Monday, 28 January 2013

A Shocks & Surprises Approach to Currencies

Currency Conclusions

Strengthing Trends

  • US Dollar: Since early January, the dollar has been on a strengthening trend vs the SDR, and that trend is not currently under threat. 
  • Euro: The current strengthening trend has been in place since mid-September, and is not under threat.
  • Rmb: The current strengthening trend has been in place since early October 2012, and is not under threat. 
Weakening Trends

  • Yen: The weakening trend has been in place since mid-December and is not under threat. 
  • Sterling: A new weakening trend emerged in mid-January, and is strongly in place. 
  • Gold: Reflecting the dollar's strength, since early January gold has been on weakening trend, and that trend is not under threat.
On Watch

  • Australian Dollar: The strengthening trend which was in place since the second week of January is now under threat
Argument & Methodology
Forecasting exchange range is for mugs. Despite it being a lucratively-rewarded profession, no-one knows how to forecast currencies with near-certainty or accuracy, and for good reasons. The first good reason is that the spot price will always reflect a fluctuating arbitrage between short-term cashflows and longer-term balance sheet necessities, and both sides of that arbitrage are fundamentally in the process  of new discovery, as is the appropriate arbitrage between them. For example, that current cashflows may support the Yen or the Euro can be a situation which can quite easily co-exist - for decades - with a situation in which balance sheet considerations look distinctly unappetising.

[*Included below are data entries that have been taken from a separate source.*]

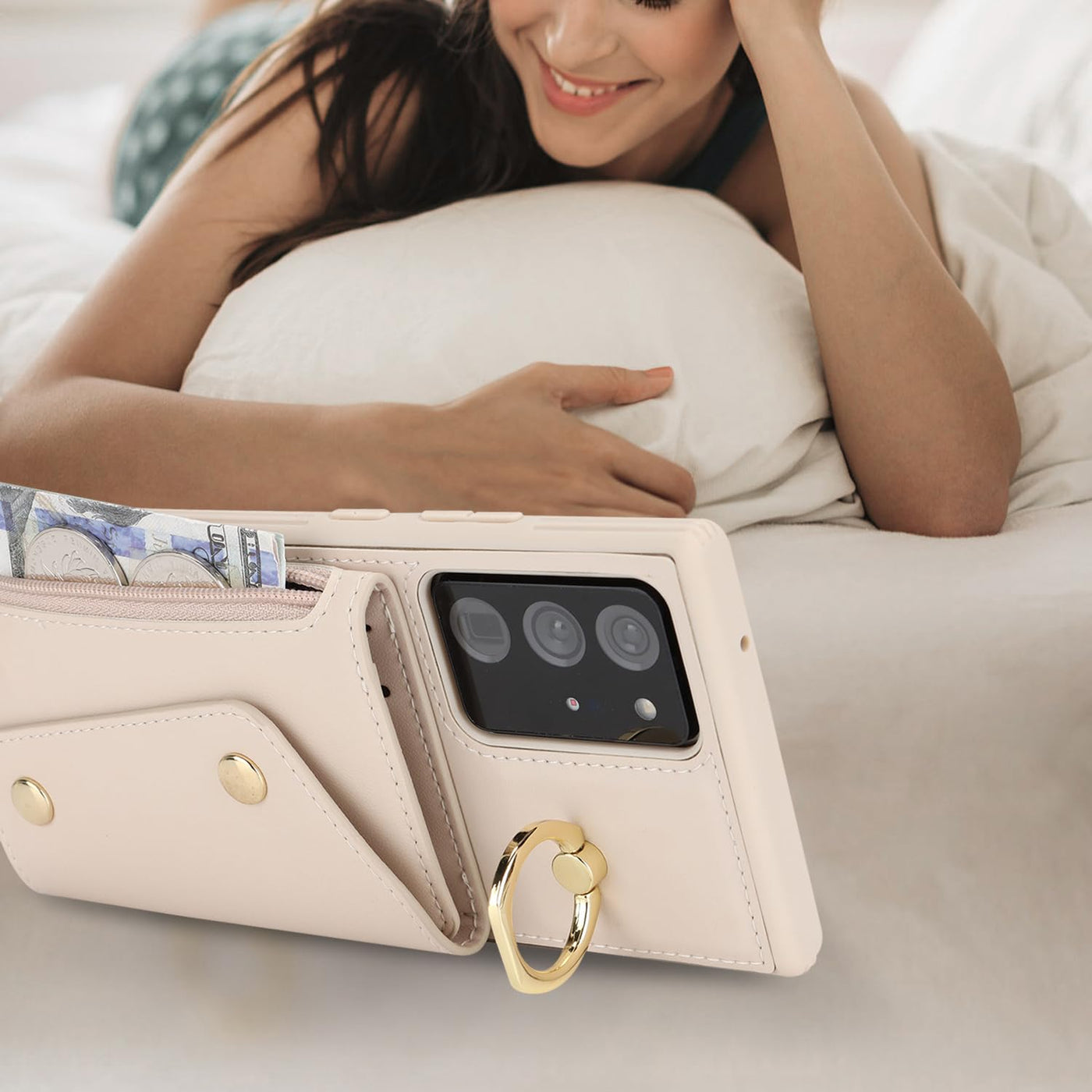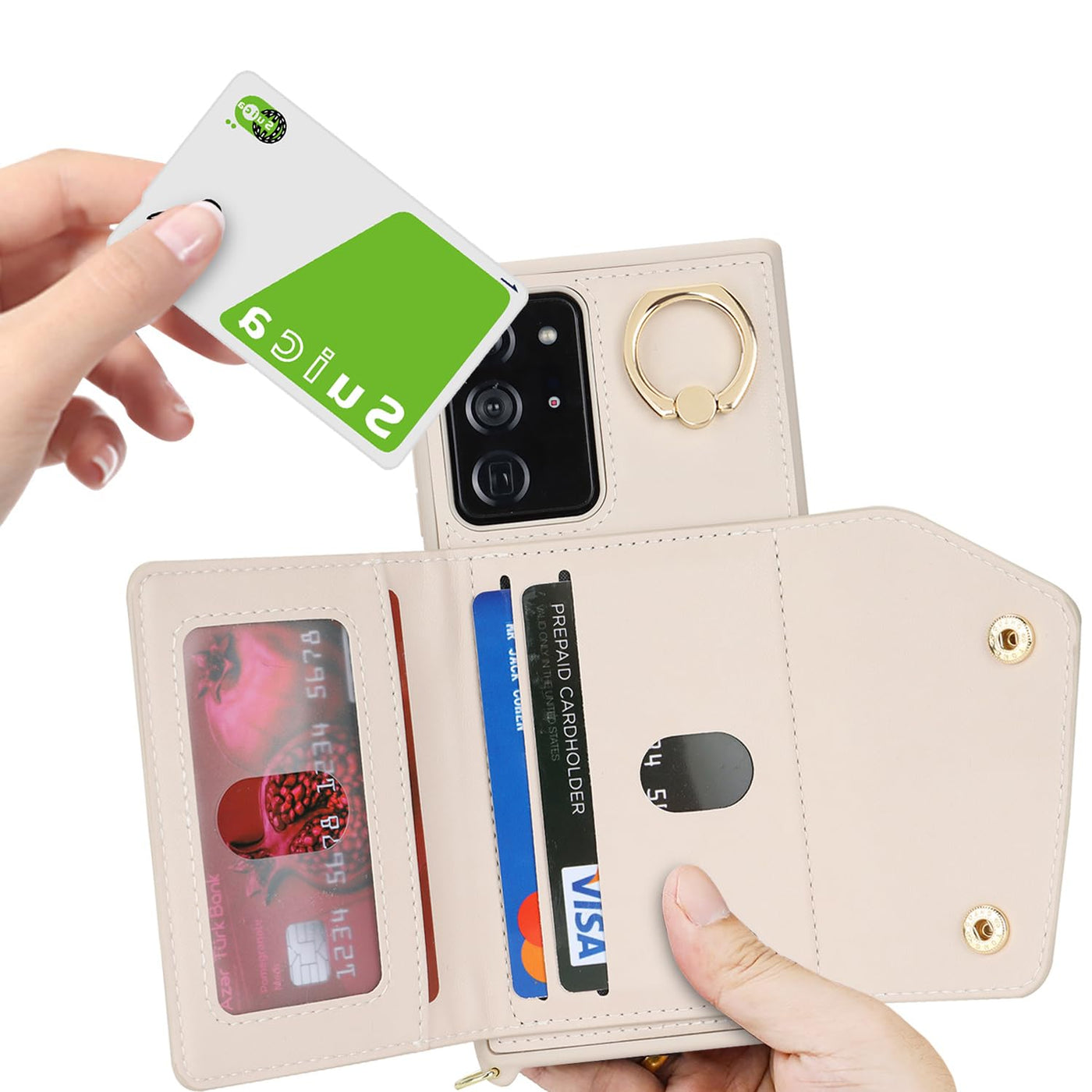 Lipvina For Samsung Galaxy Note 20 Ultra Case With Card Holder And Strap - Zipper Pocket,Crossbody Lanyard Strap,Credit Card Hol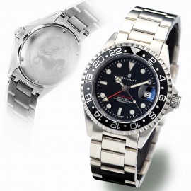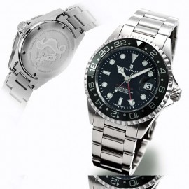MOVEMENTETA 2893-2/SW330, élaboréSwiss madeautomatic21 Jewelssecond stopFUNCTIONSscrewed CrownDate at  "3"adjustable second time zone using swivel and watch handCASEStainless steel 316 LDiameter 42 mmHeight 13,5 mmWeight 188gLug width 22 mm spring barSapphire glass flat, with double anti-reflecting coatings on the interior side with date magni..
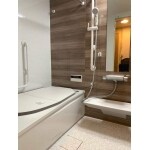 T社のマンションリモデルWY Kシリーズを設置いたしました。 浴槽横と正面に手すりを取り付けることで、高齢者の方でも立ち上がり・移動がラクになっています。また、洗い場への段差も低くなったことで躓く危険性も低くなったかと思います。

The second reason is simpler: for major currencies, fx markets are probably the nearest thing we have to perfect competition,  the logical extension of which is that your explanation is likely to be just as good, or bad, as mine, no matter how hard you (or I) work at it.  Competition, after all, exists to discover information which can be discovered in no other way.

But the itch, the desire to say something useful about currencies, remains. Even working day since Friday December 1st 1995, I have collected OANDAs' tick-averaged fx for all major Asian and European currencies, and consequently have a reasonable database from which to make observations. In practice I use them not to forecast, but rather construct from them rules-of-thumb about the state of individual currencies: are they stable, strengthening or weakening, and at what point to they look like breaking trend?    The rule for this is simple: I track moving averages and standard deviations measured from the point of inflection in 90-day trends. (Each day, the average and standard deviation will change as the trend is extended - typically as the trend lengthens, the average deviation from it will fall, whilst the standard deviation grows). Historically I find that when daily prices are more than two standard deviations away from that trend, a trend inflection usually follows.  

What I am attempting to do is simple and limited: I am trying to accurately identify current trends, and identify plausible threats to them.   I intend to publish my conclusions every Monday.